__Raw data__
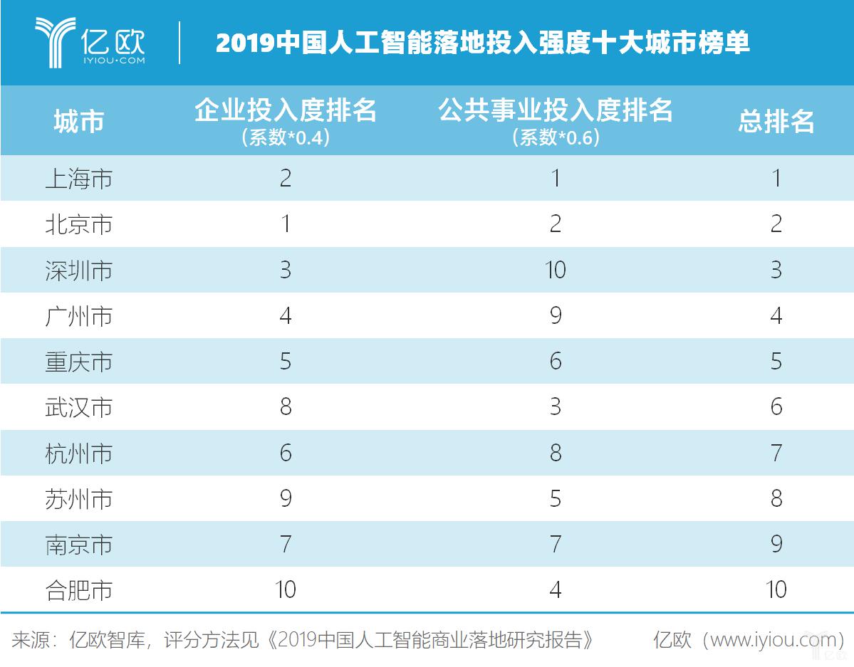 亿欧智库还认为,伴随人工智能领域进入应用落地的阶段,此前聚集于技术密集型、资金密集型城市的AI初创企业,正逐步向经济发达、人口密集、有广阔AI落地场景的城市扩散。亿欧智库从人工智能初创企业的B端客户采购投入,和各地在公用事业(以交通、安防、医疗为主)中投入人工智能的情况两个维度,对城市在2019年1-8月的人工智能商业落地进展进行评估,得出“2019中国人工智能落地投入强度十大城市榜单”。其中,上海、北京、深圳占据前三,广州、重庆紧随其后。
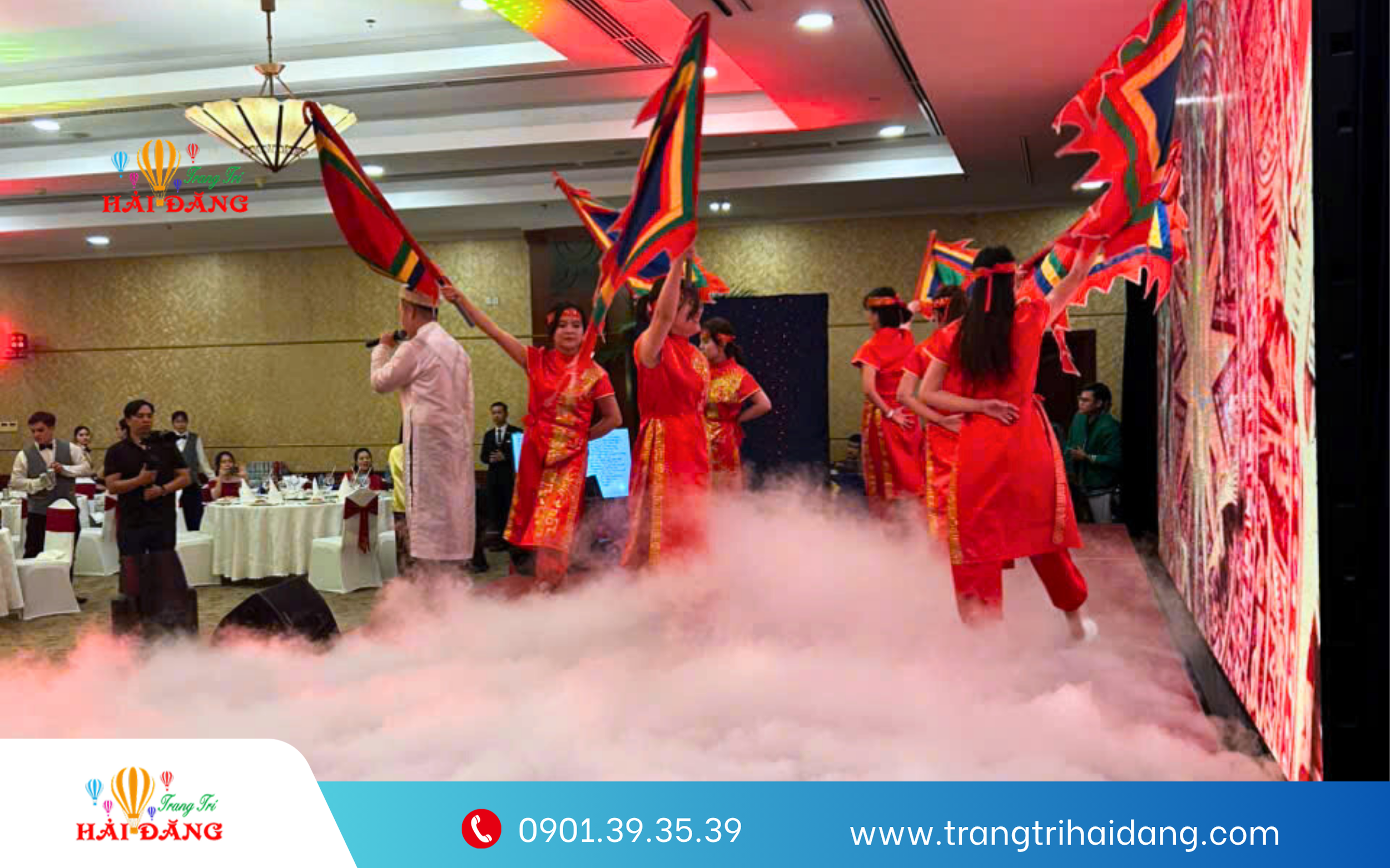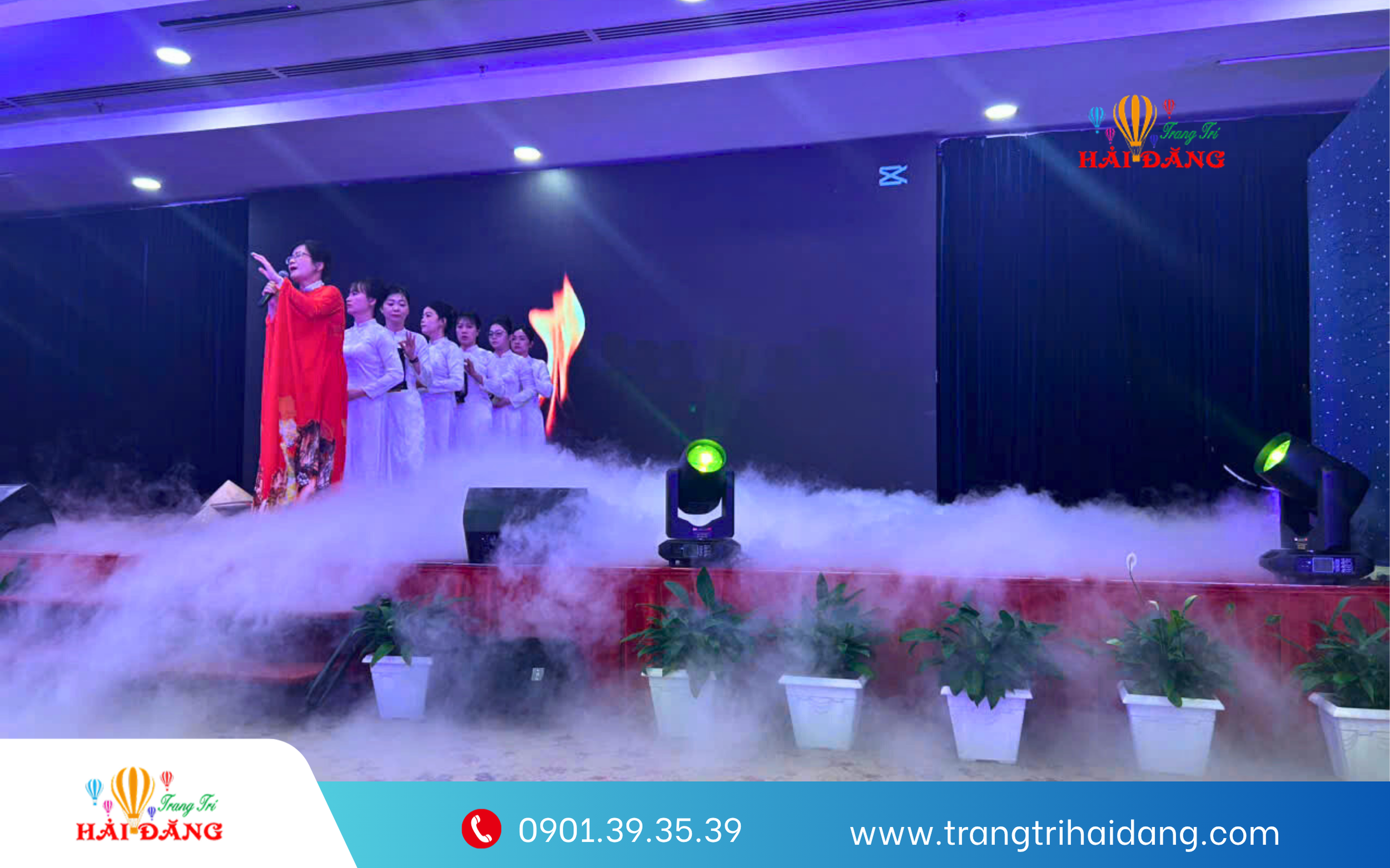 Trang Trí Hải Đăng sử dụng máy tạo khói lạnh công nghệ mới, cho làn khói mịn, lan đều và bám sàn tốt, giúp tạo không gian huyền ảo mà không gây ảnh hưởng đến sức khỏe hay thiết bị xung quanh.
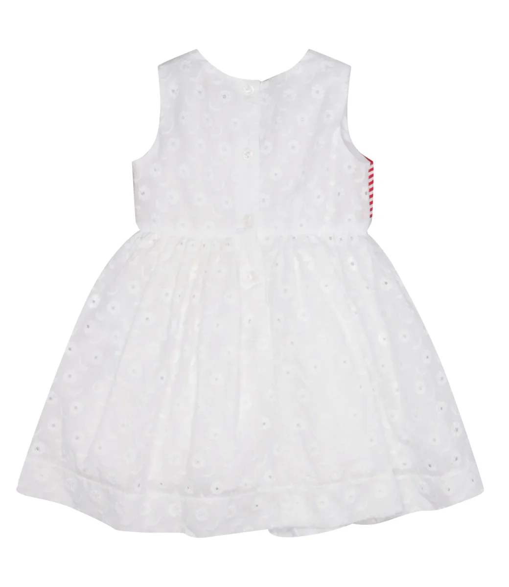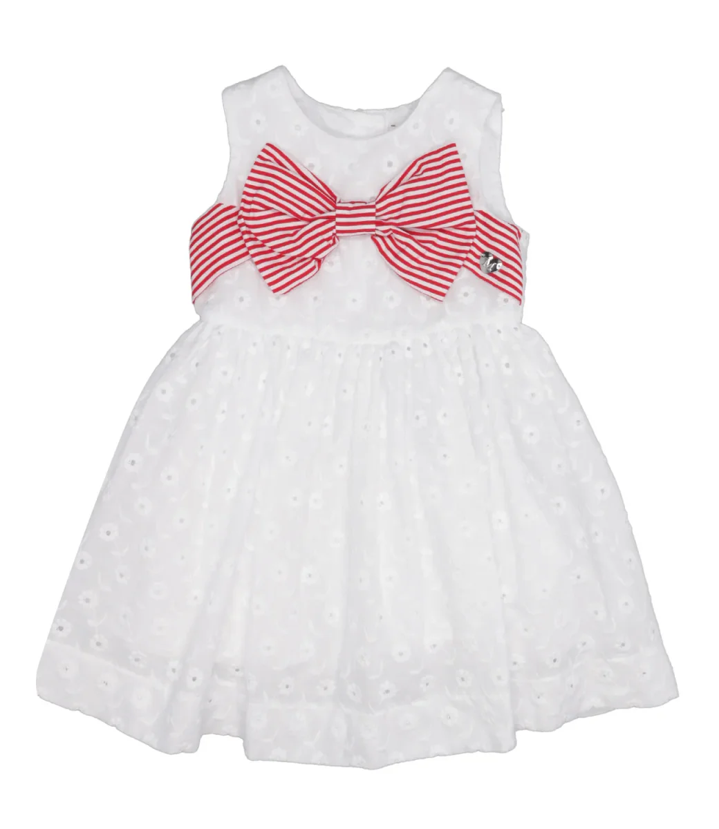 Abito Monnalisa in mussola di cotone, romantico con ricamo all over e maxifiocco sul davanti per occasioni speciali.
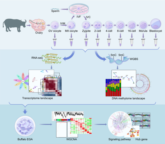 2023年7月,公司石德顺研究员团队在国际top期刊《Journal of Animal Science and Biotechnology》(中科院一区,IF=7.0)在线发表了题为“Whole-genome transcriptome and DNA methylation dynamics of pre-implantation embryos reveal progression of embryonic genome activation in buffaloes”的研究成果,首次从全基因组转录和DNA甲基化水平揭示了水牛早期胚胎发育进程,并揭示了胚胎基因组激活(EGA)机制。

__Exercise objective__
The reply should consist only of the lines from the top of the material above through the line with "Trang Trí Hải", printed exactly, pictures omitted.

__Answer space__
 亿欧智库还认为,伴随人工智能领域进入应用落地的阶段,此前聚集于技术密集型、资金密集型城市的AI初创企业,正逐步向经济发达、人口密集、有广阔AI落地场景的城市扩散。亿欧智库从人工智能初创企业的B端客户采购投入,和各地在公用事业(以交通、安防、医疗为主)中投入人工智能的情况两个维度,对城市在2019年1-8月的人工智能商业落地进展进行评估,得出“2019中国人工智能落地投入强度十大城市榜单”。其中,上海、北京、深圳占据前三,广州、重庆紧随其后。
 Trang Trí Hải Đăng sử dụng máy tạo khói lạnh công nghệ mới, cho làn khói mịn, lan đều và bám sàn tốt, giúp tạo không gian huyền ảo mà không gây ảnh hưởng đến sức khỏe hay thiết bị xung quanh.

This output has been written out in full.